Este sistema está dispuesto de tal manera que los hombres pueden dar algo de su salario cada día y poner aparte para su Señor una porción de las ganancias de cada inversión. La práctica constante del plan de Dios de la benevolencia sistemática debilita la codicia y fortalece la benevolencia. Si las riquezas aumentan, los hombres, aun los que profesan piedad, colocan sus corazones en ellas; y cuanto más tienen, menos dan a la tesorería del Señor. Así las riquezas hacen egoístas a los hombres y su acumulación alimenta la codicia; y estos males se fortalecen mediante el ejercicio activo. Dios conoce nuestro peligro y nos ha protegido contra él con medios que previenen nuestra propia ruina. Se requiere el ejercicio constante de la benevolencia, para que la fuerza del hábito en las buenas obras pueda quebrar la fuerza del hábito en una dirección opuesta.
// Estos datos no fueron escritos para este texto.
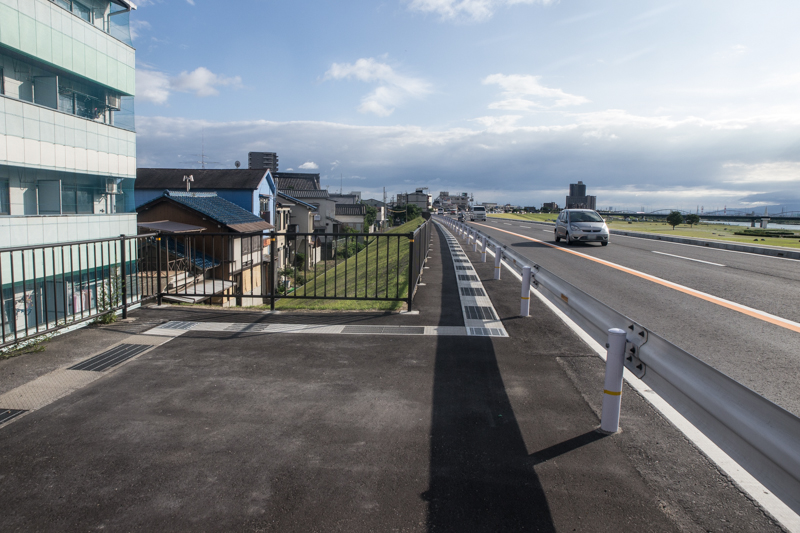 旧1号線・三矢~桜町の堤防工事が終わり、歩道が完成しています。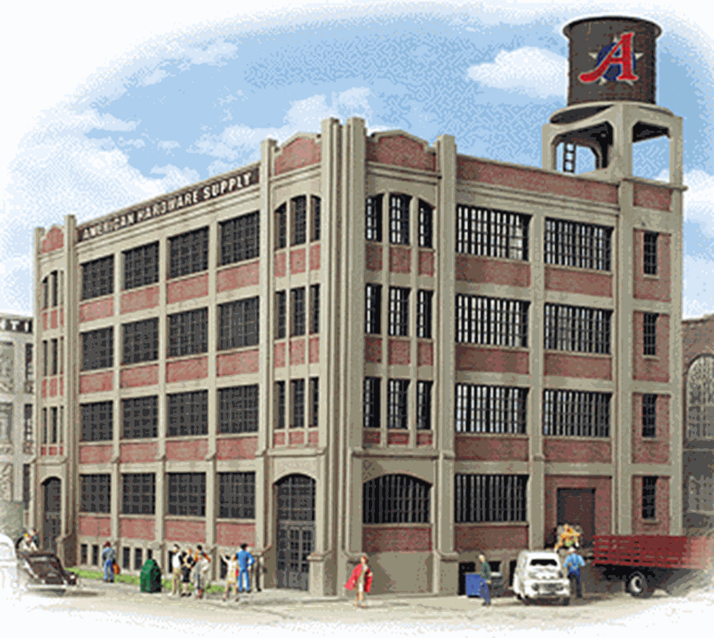 From the early years of the 20th century to the present, buildings like the Walthers Cornerstone American Hardware Supply have been a familiar part of big city skylines. Just about any manufacturing operation could be found here over the years.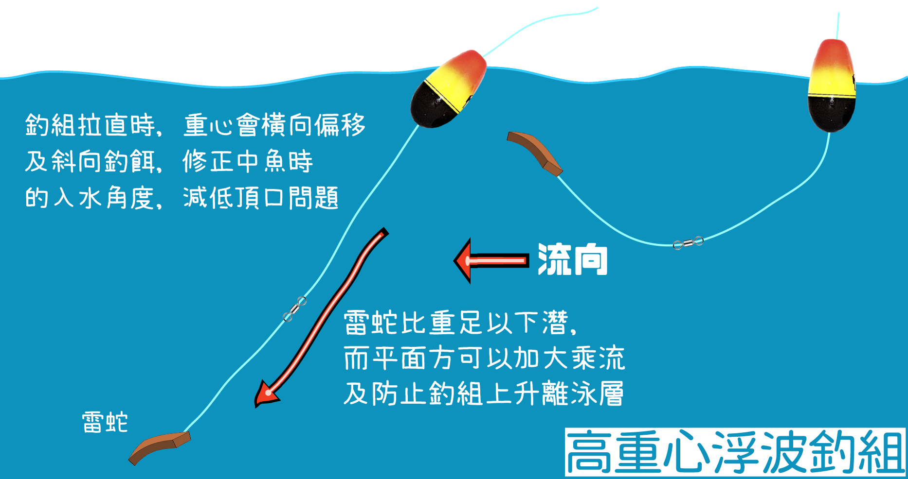 餌越長沉速越快,雷蛇律動越明顯,大魚視應性越佳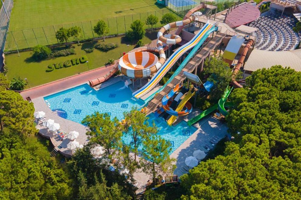 Собствен пясъчен плаж с кей. На разположение на гостите има 6 открити и 1 закрит басейн, 7 водни пързалки.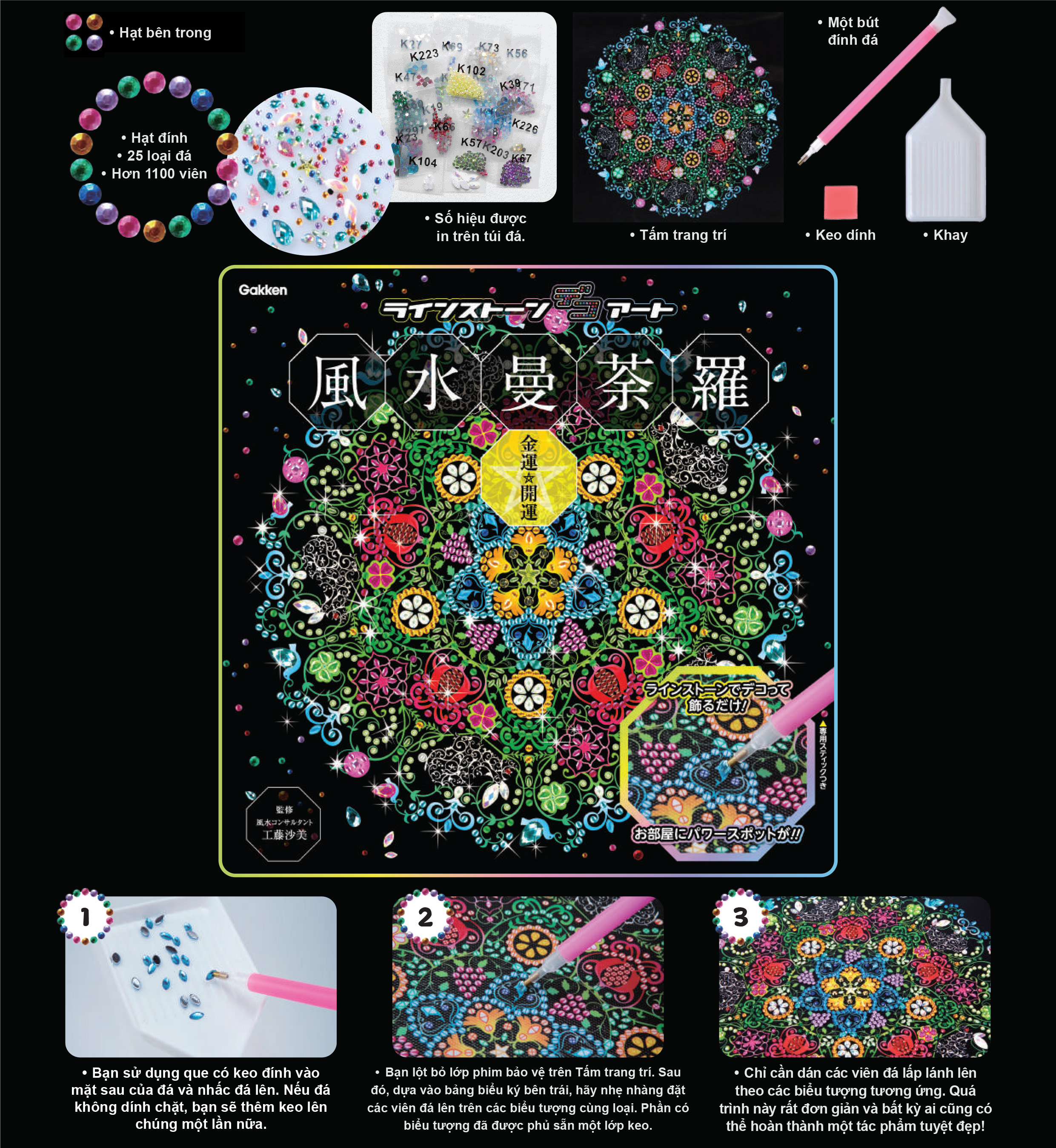 Chất liệu: Nhựa, vải, hạt màu Kích thước gói: 170 x 15 x 270 Độ tuổi: 15 tuổi trở lên Mandala là biểu tượng của vũ trụ vô tận. Nó mang lại sự êm dịu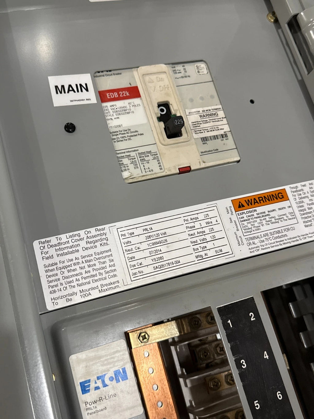 Eaton PRL1A Panelboard 225A 208/120V 3PH 4W MCB Panel 225 Amp 60 Circuit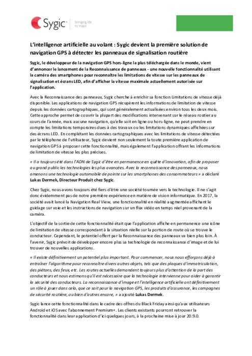 Sygic, le développeur de la navigation GPS hors-ligne la plus téléchargée dans le monde, vient d’annoncer le lancement de la Reconnaissance de panneaux - une nouvelle fonctionnalité utilisant la caméra des smartphones pour reconnaître les limitations de vitesse sur les panneaux de signalisation et écrans LED, afin d’afficher la vitesse maximale actuellement autorisée sur l’application.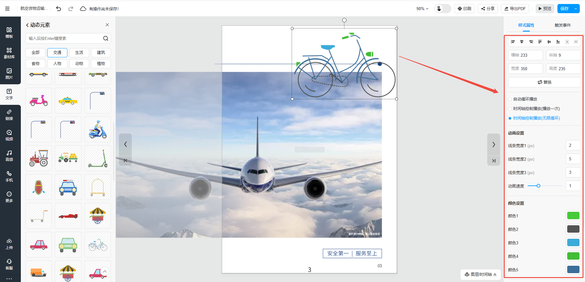 在添加動態元素/特效后,你可對其進行動畫設置,調整動畫的速度和播放設置。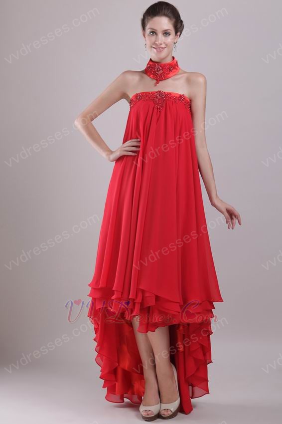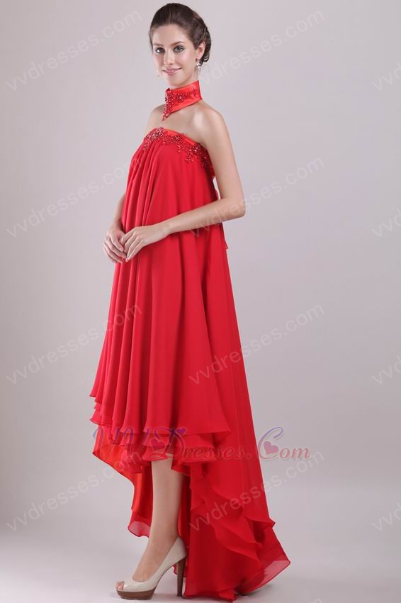 Red Strapless High-low Red Chiffon Embroidery Maternity Prom Dress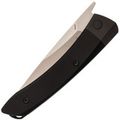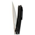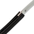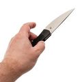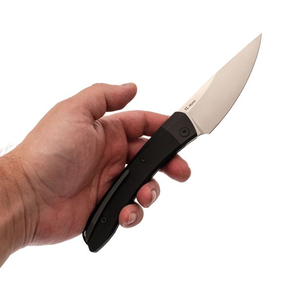 Клинок достаточно крупный и изготовлен из стали 154CM, что обеспечивает идеальный баланс между удержанием заточки и сопротивлением коррозии, а также имеет черный цвет, что делает его еще более привлекательным. Форма клинка притягивает взгляды и имеет необычную, но очень эффективную режущую геометрию, которая идеально подходит для метательных лезвий. Прямые спуски и большая ширина делают его превосходным резаком. Кончик клинка деликатный, что обеспечивает высокую проникающую способность, но очень хорошо для силового ковыряния.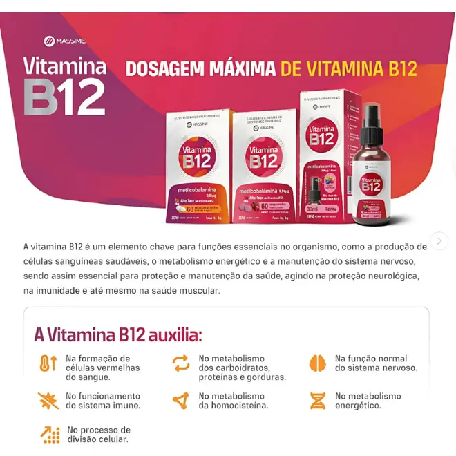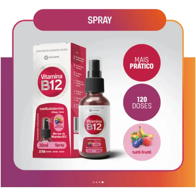Vitamina B12 9,94mcg Spray 30ml Massime Sabor Tutti Frutti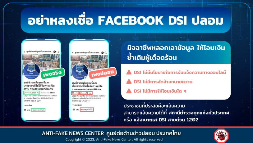 มีผู้ไม่ประสงค์ดี สร้างเพจเฟซบุ๊กในชื่อศูนย์ช่วยเหลือลูกหนี้และประชาชนที่ไม่ได้รับความเป็นธรรม กรมสอ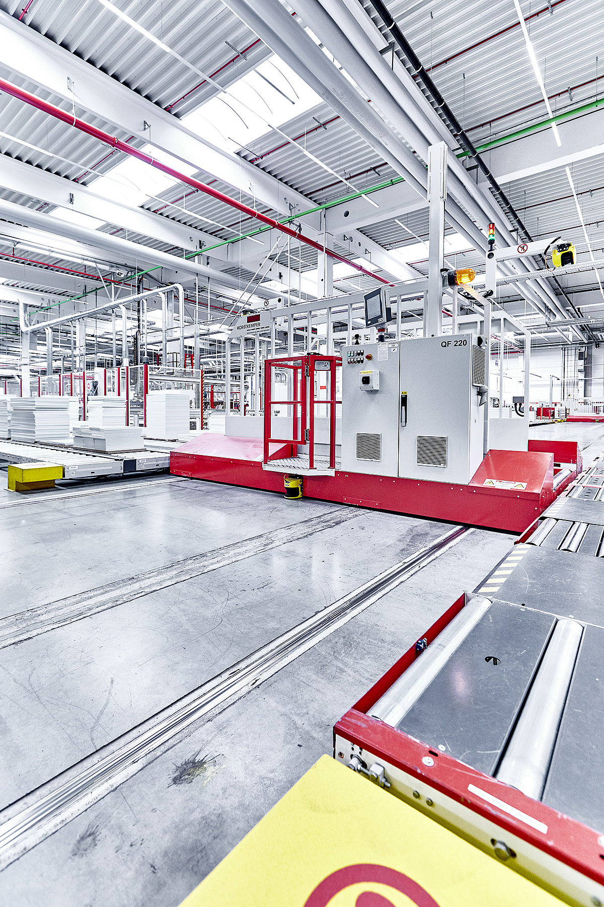 Die unterschiedlichen Querförderwagen können mit bis zu 85 m/min Geschwindigkeit verfahren, ohne den Personen- oder Staplerverkehr zu gefährden.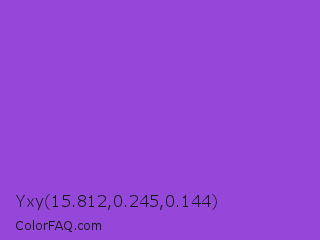 Yxy 15.812,0.245,0.144 Color is a normal purple color and the nearest color is Navy Purple #9457eb. Hex code #9447d9 and RGB value is rgb(148,71,217). In RGB color space, this color is composed of 58% red, 28% green, 85% blue, In CMYK color space, this color is composed of 32% cyan, 67% magenta, 0% yellow , 15% black , In HSL color space, this color has a hue angle of 272° , 66% saturation and 56% lightness.
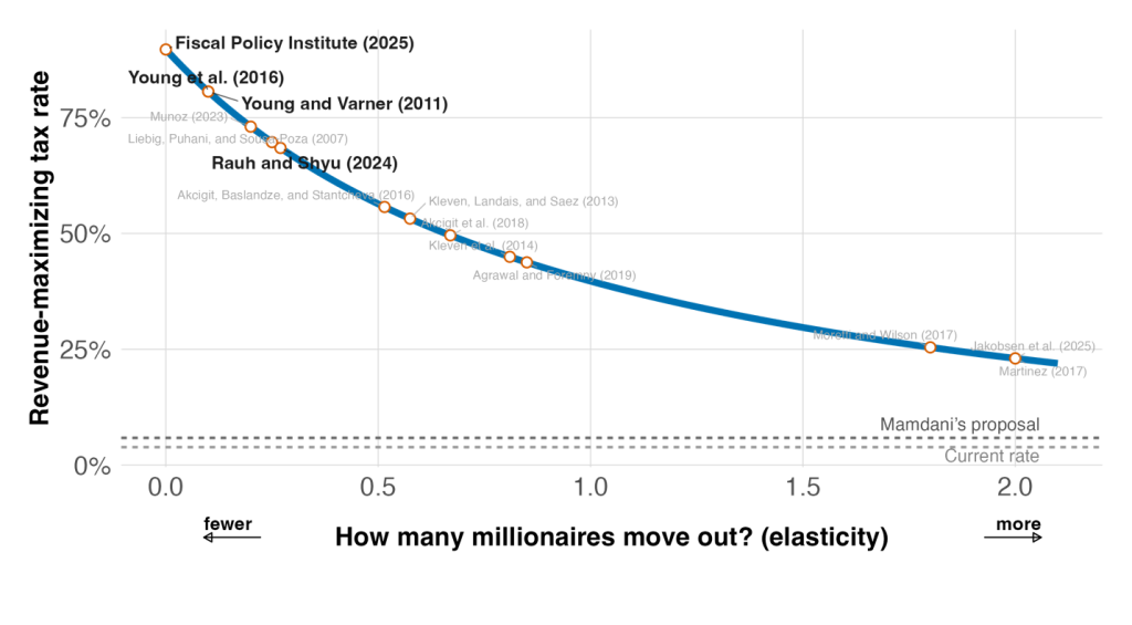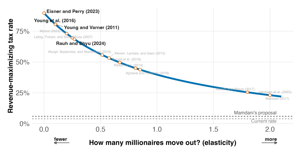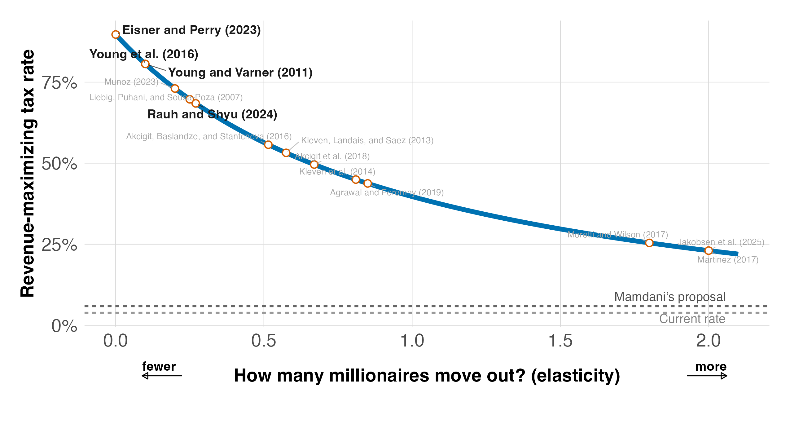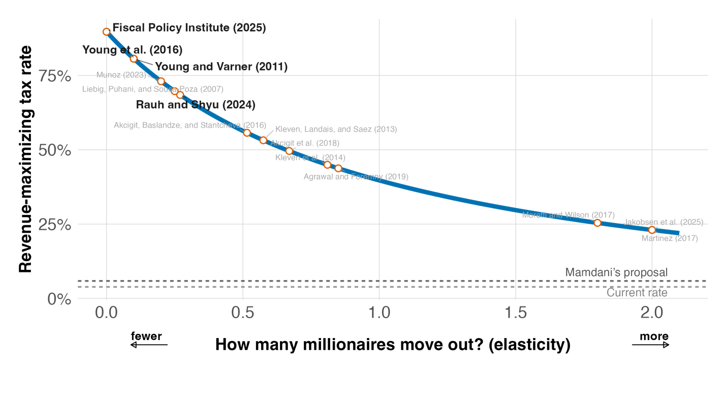 The academic literature is clear: out-migration can hurt revenue, but current levels of taxation are not high enough for migration to fully counteract the increase in revenue from higher taxes. From a purely revenue perspective, the Mamdani proposal appears rather safe.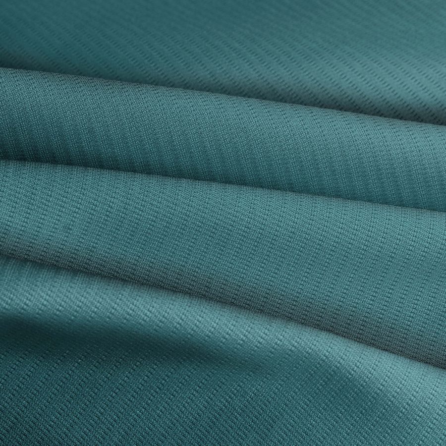 El Tejido Técnico Transpirable - Fresh se caracteriza por ser un tejido técnico con una composición del 100% de poliéster con un gramaje de 135 gr/m2 y un ancho de tela de 150 cm. Su color liso es impresionante en un tono de Azul-Verde Azulado Medio que se obtiene mediante la tecnología de sublimación con los siguientes valores en el CMYK: 80 40 47 29. El color es complementado con otras gamas de colores como verde, azul y morado, creando un look fresco y moderno. Es importante destacar que este tejido está impreso con el color liso a una sola cara por impresión digital textil, lo que significa que no es un tejido tintado sino impreso por una sola cara.

Dios requiere una asignación de medios a objetivos benevolentes cada semana, para que en el ejercicio frecuente de esta buena cualidad el corazón pueda mantenerse abierto como una corriente que fluye sin permitir que se cierre. Mediante el ejercicio, la benevolencia constantemente se agranda y fortalece, hasta que llega a ser un principio y reina en el alma. Es altamente peligroso para la espiritualidad concederle al egoísmo y la codicia el más pequeño lugar en el corazón.